Огнев уныло жмурился и с тоской смотрел на пылившую ленту провинциального тракта, по которой медленно ползли крестьянские телеги. И было от чего притти в отчаяние. Легко сказать, четырнадцать верст, а впереди еще пятьдесят. То ли дело на почтовых махнуть… Через шесть часов были бы на месте. Уныние окончательно овладело Огневым, когда их обогнала почтовая тройка. Огнев узнал непременного члена по крестьянским делам и угнетенно вздохнул. Но дьякон был упрям и не обращал никакого внимания на унывавшего спутника.
— Вот уж одиннадцатая верста, а вон там, за пригорком, сейчас будет и повертка… — объяснял ом, приглядывая даль из-под руки. — А придем в Семишки, сейчас закажем самовар. Там у меня один мужичок есть знакомый… Сливок сейчас подадут, хлебца пшеничного, а потом сообразим яичницу-скородумку. Ах, братец ты мой, лимон-то мы и забыли… А оно невредно — с лимоном перекувырнуть чайку.
— Это ты правильно, дьякон: не вредно с лимоном… А тоже хорошо, когда сливки с пенкой.
— Ну, в Шервоже у нас таких сливок не достанешь…
Огнев даже засмеялся: дьякон его утешал, как малого ребенка. А всё-таки с разговорами куда легче итти. Вон и четырнадцатая верста, а от неё влево змейкой уползал узкий проселок. На «росстани» уже сидели какие-то богомолки.
— Мир на стану! — крикнул весело дьякон. — Куда господь несет, милые?
— А по обещанию… — ответила за всех тощая и сгорбленная старуха. — По обещанию, милый, идем. Дальние мы… К Симеону праведному.
— Далеконько будет…
— И то не близко. Вторую неделю бредем… Как господь донесет. Притомились женским делом…
— Ничего, отдохнете…
— Известно, отдохнем.
Огневу приходилось еще в первый раз разговаривать с богомолками. Раньше он видел их только из окна своей городской квартиры. Вообще, как городской человек, он не понимал этого простого деревенского люда и мог только удивляться, что дьякон умел с ними разговаривать и просто и любовно.

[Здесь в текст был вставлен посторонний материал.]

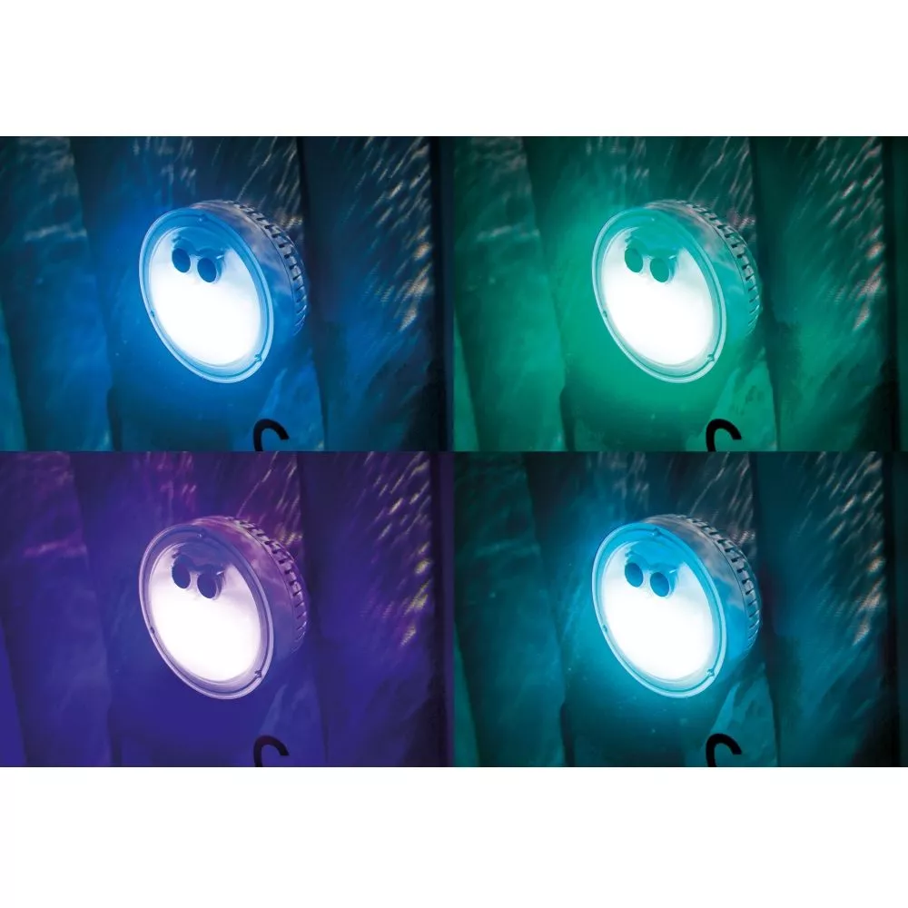 Schaffe die perfekte Stimmung und Atmosphäre, während du dich in deinem Spa entspannst. Das Intex Multi-Colored LED-Licht leuchtet in 5 verschiedenen Farben: Weiss, Grün, Petrol, Blau und Violett bei zwei Beleuchtungsmodi: einfarbig oder Farbwechselmodus.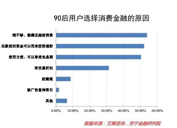 據(jù)蘇寧金融研究院發(fā)布的《90后:互聯(lián)網時代的原生民》報告顯示,超前消費是90后人群的常態(tài),有超過50%的90后用戶選擇消費金融的原因在于錢不夠、能滿足超前消費的需求。可見,生長在物質大爆發(fā)的年代,優(yōu)質的成長環(huán)境最終導致90后儲蓄意識較弱,更加偏好超前消費。
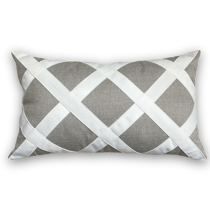 Almofada Royal Linho Cinza e Veludo Branco 30x50 — Luxo Clássico e Detalhe Artesanal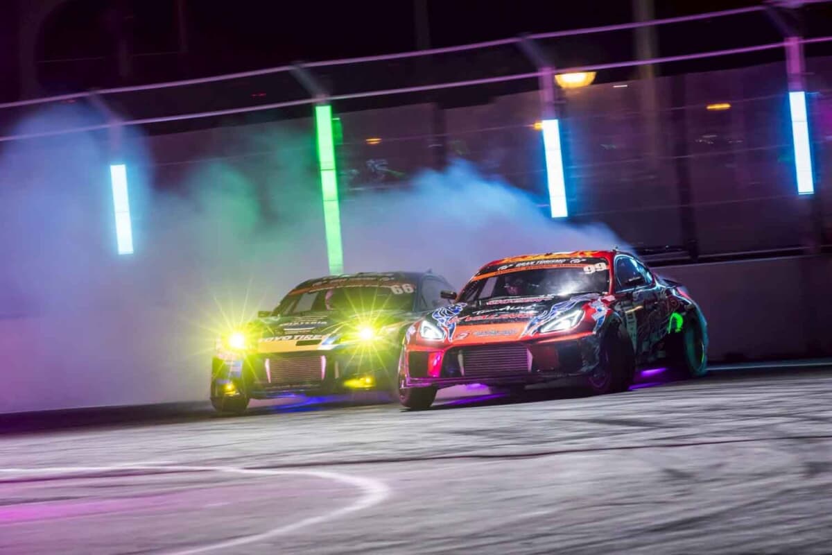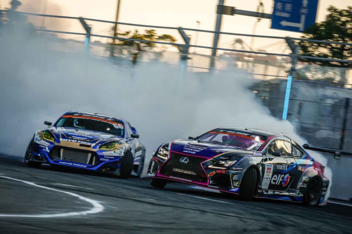D1の採点方法は複雑です。派手なドリフトをすれば勝てるという単純なものではなく、審査員による視覚評価に加え、DOSと呼ばれる電子審査システムが、速度・角度・姿勢の安定を数値化します。予選では単独の演技である単走、そして決勝トーナメントに進めば、2台での接近戦となる追走が行われます。相手にどれだけ寄れたのか、逆にどれだけ寄せなかったかも得点に加味され、技術と心理戦が交錯する濃密なステージとなります。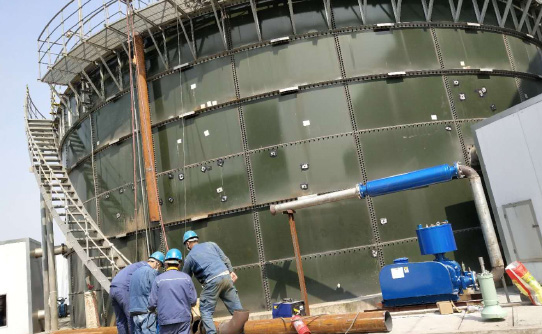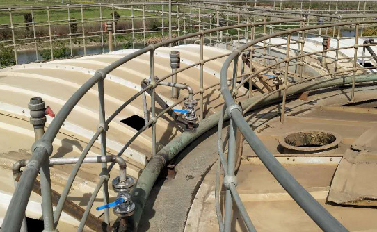 好氧罐尺寸:φ19.5*H7m,有效水深5m,有頂蓋。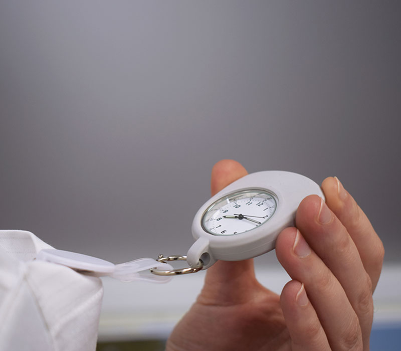 Das drehbare Ziffernblatt mit 12- und 24-Stunden-Skalierung sowie deutlich sichtbarem Sekundenzeiger ermöglicht eine präzise Zeitkontrolle – z. B. bei der Pulsmessung oder Medikamentengabe. Das spritzwassergeschützte, stoßfeste Gehäuse schützt das Uhrwerk im anspruchsvollen Pflegealltag zuverlässig. Ein robustes Mineralglas sorgt für klare Sicht und hohe Langlebigkeit.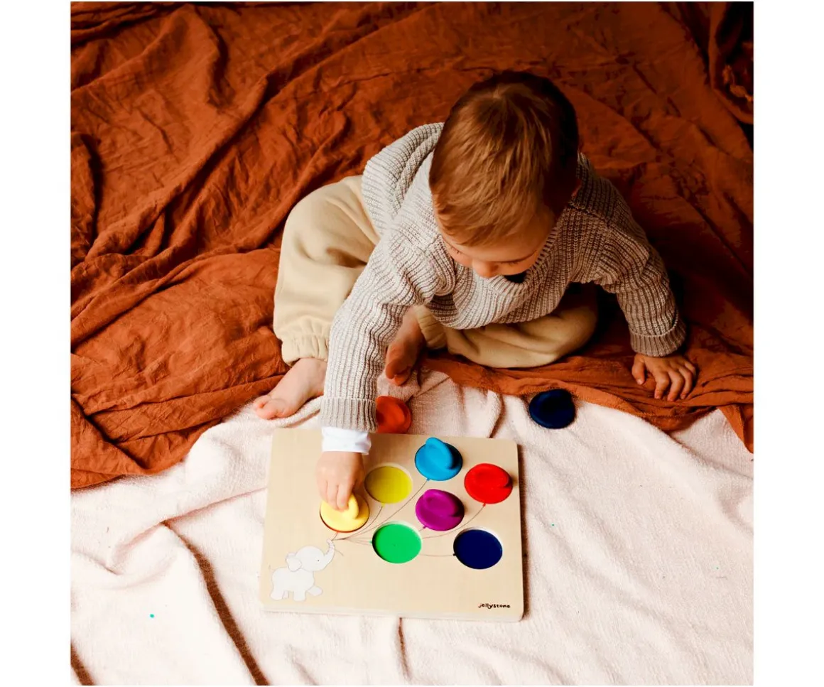 Los peques podrán desarrollar su reconocimiento de los colores haciendo coincidir las tapas de silicona con el globo de color correspondiente.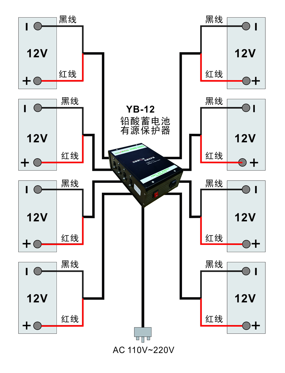 4)根據(jù)鉛酸蓄電池額定電壓的不同, YB系列鉛酸蓄電池有源保護(hù)器設(shè)計有多種規(guī)格型號, 分別用于12V、24V、36V等不同規(guī)格的電池。因此,應(yīng)確保被修復(fù)電池的規(guī)格與所選用的鉛酸蓄電池有源保護(hù)器匹配。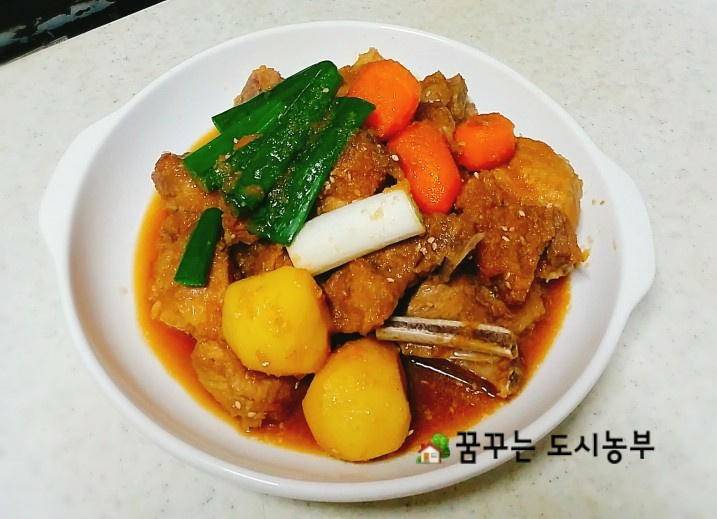 When the potatoes and carrots are almost cooked through, stir in the oligodang (corn syrup) and cook until the sauce thickens to a desired consistency. Finally, add the large pieces of green onion and sprinkle with sesame seeds for a beautiful garnish. Your delicious braised pork ribs are ready!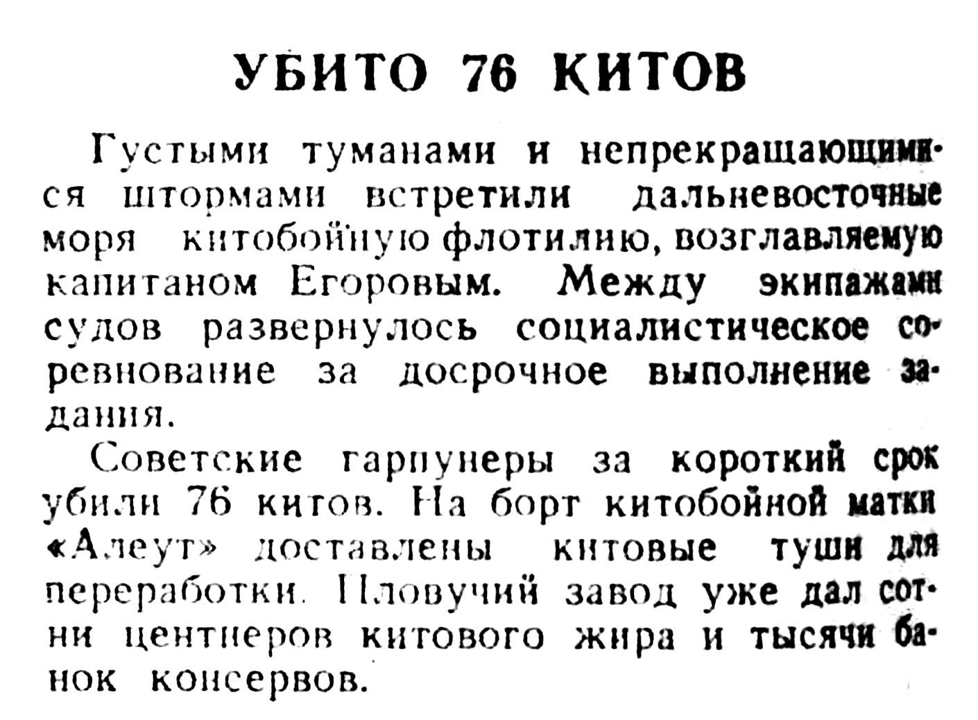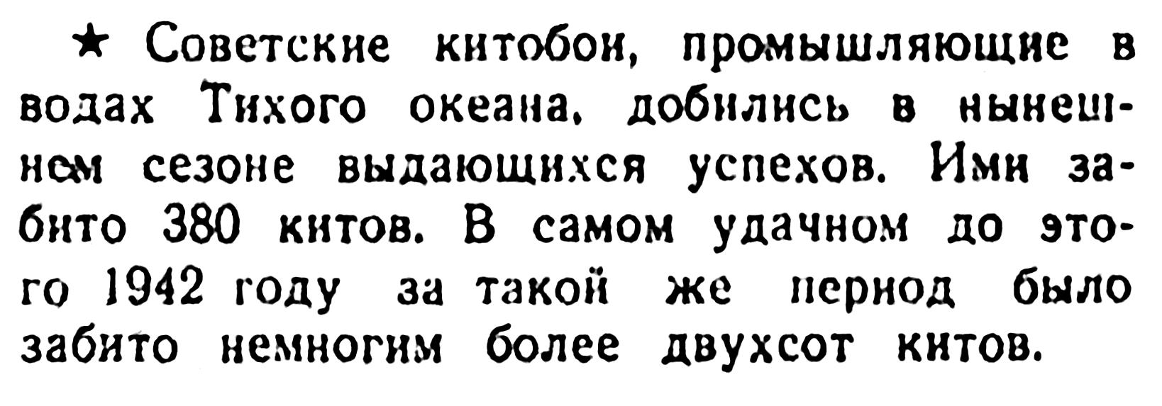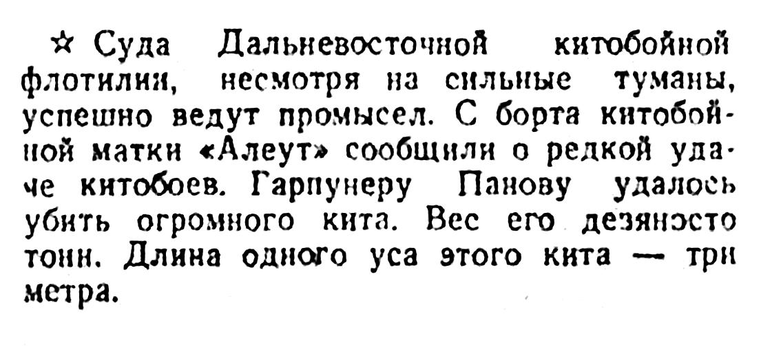 Сегодня мы печатаем корреспонденцию А. Томилина «Охота на китов», в которой автор между прочим сообщает, что в этом году советской китобойной флотилией среди других китов добыто 150 финвалов, достигающих в длину 22 метров.

— Взыскующие града, — объяснил Келькешоз, показывая глазами на богомолок. — У нас свое, у них свое… А между прочим, нам пора, камрад. Едем per pedes apostolorum… Прощайте, милые.
Трудно было Огневу подниматься, но дьякон не знал пощады — приходилось покоряться. До Семишек оставалось еще верст десять.
— Дорога отличная здесь, — утешал дькон. — Когда я учился в бурсе, так всегда ходил пешком. Уснешь, как зарезанный… Вот увидишь, когда придем в Семишки.
Трудные были эти десять верст, хотя проселок шел то полями, то лесом, и не было проклятой трактовой пыли. Огнев молчал, чувствуя, как у него подгибаются ноги от усталости. Наконец Огнев забунтовал:
— Келькешоз, мы сбились с дороги! Это чорт знает что такое… Проклятые Семишки провалились сквозь землю.